Musician Ryan Adams recently released an album cover. A cover, that is, of an entire album written and performed by Taylor Swift. Both albums are titled 1989.
Critical praise for Adams’ version was immediate, turning quickly to a comparison of the two. At There’s Research on That!, Jacqui Frost explained that there was…
…a media frenzy about which album is “better” and who deserves credit for the “depth and complexity” that many say Adams brought to Swift’s poppier original. Some reviews argue Adams “vindicated” Taylor Swift as an artist; others argue that emotional depth was already present in Swift’s songwriting…
Swift’s 1989 was the best selling album of 2014 — by popular vote, it was obviously an excellent album — but many people seemed not to notice. Instead, they wanted to talk about who should get credit for the quality of Adams’ album, as if whether there was anything good there to begin with was an open question.
Frost draws on sociological research to suggest that gender might help explain why we have such a hard time giving credit to Swift.

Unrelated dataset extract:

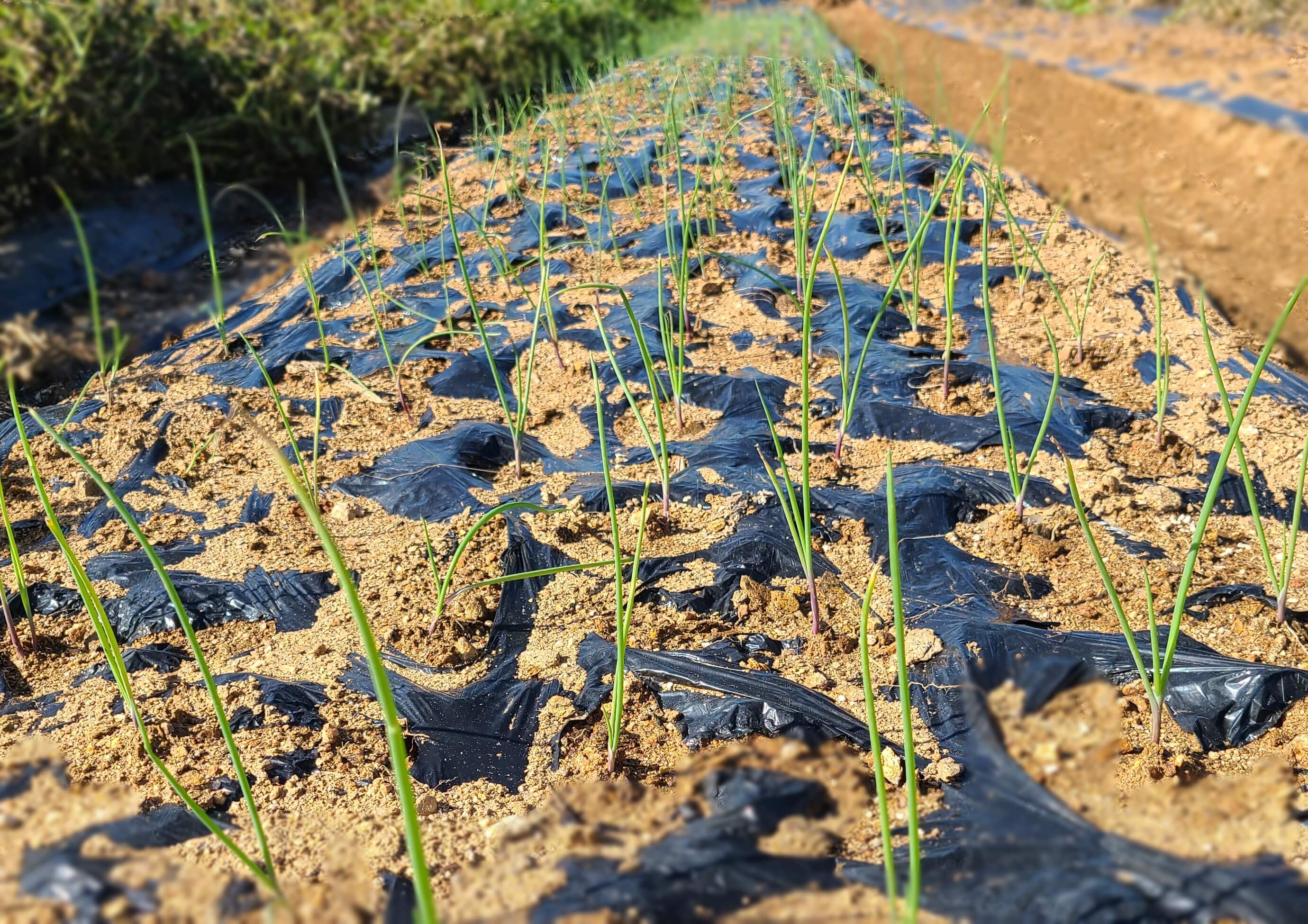 양파를 재배할 때 비닐을 덮어주면 정식 후에 뿌리의 잘 내리고 생육이 촉진되어 수량이 많아지는 효과가 있습니다. 또한 수확 시기를 앞당기는 효과도 있습니다.

First, she notes that musical genres are gendered and we tend to take feminized genres less seriously than masculinized ones. “Many publications that reviewed Adams’ version [of 1989],” for example, “did not review Swift’s original.” This may be because serious music critics don’t review pop.
Second, research shows that male creatives in the music industry are generally more likely to get credit than females ones. Frost writes:
[M]ale musicians, regardless of genre, are more likely to receive critical recognition and be “consecrated” into the popular music canon. Women are less likely to be seen as “legitimate” artists and are more often judged on their emotional authenticity and connections with “more” legitimate, male artists.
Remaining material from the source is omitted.